Comparative study of multi-headed and baseline deep learning models for ADHD classification from EEG signals.

The prevalence of Attention-Deficit/Hyperactivity Disorder among children is rising, emphasizing the need for early and accurate diagnostic methods to address associated academic and behavioral challenges. Electroencephalography-based analysis has emerged as a promising noninvasive approach for detecting Attention-Deficit/Hyperactivity Disorder; however, utilizing the full range of electroencephalography channels often results in high computational complexity and an increased risk of model overfitting. This study presents a comparative investigation between a proposed multi-headed deep learning framework and a traditional baseline single-model approach for classifying Attention-Deficit/Hyperactivity Disorder using electroencephalography signals. Electroencephalography data were collected from 79 participants (42 healthy adults and 37 diagnosed with Attention-Deficit/Hyperactivity Disorder) across four cognitive states: resting with eyes open, resting with eyes closed, performing cognitive tasks, and listening to omniarmonic sounds. To reduce complexity, signals from only five strategically selected electroencephalography channels were used.
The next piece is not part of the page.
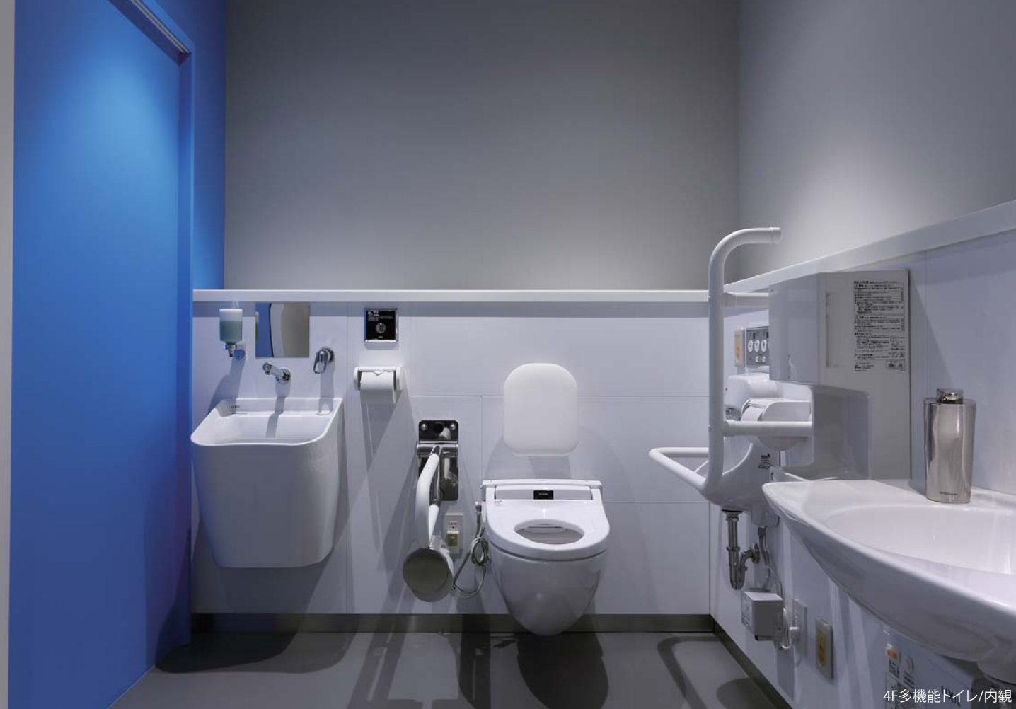
4F多機能トイレ/内観

The multi-headed approach employed parallel deep learning branches-comprising combinations of Bidirectional Long Short-Term Memory, Long Short-Term Memory, and Gated Recurrent Unit architectures-to capture inter-channel relationships and extract richer temporal features. Comparative analysis revealed that the combination of Long Short-Term Memory and Bidirectional Long Short-Term Memory within the multi-headed framework achieved the highest classification accuracy of 89.87%, significantly outperforming all baseline configurations. These results demonstrate the effectiveness of integrating multiple deep learning architectures and highlight the potential of multi-headed models for enhancing electroencephalography-based Attention-Deficit/Hyperactivity Disorder diagnosis.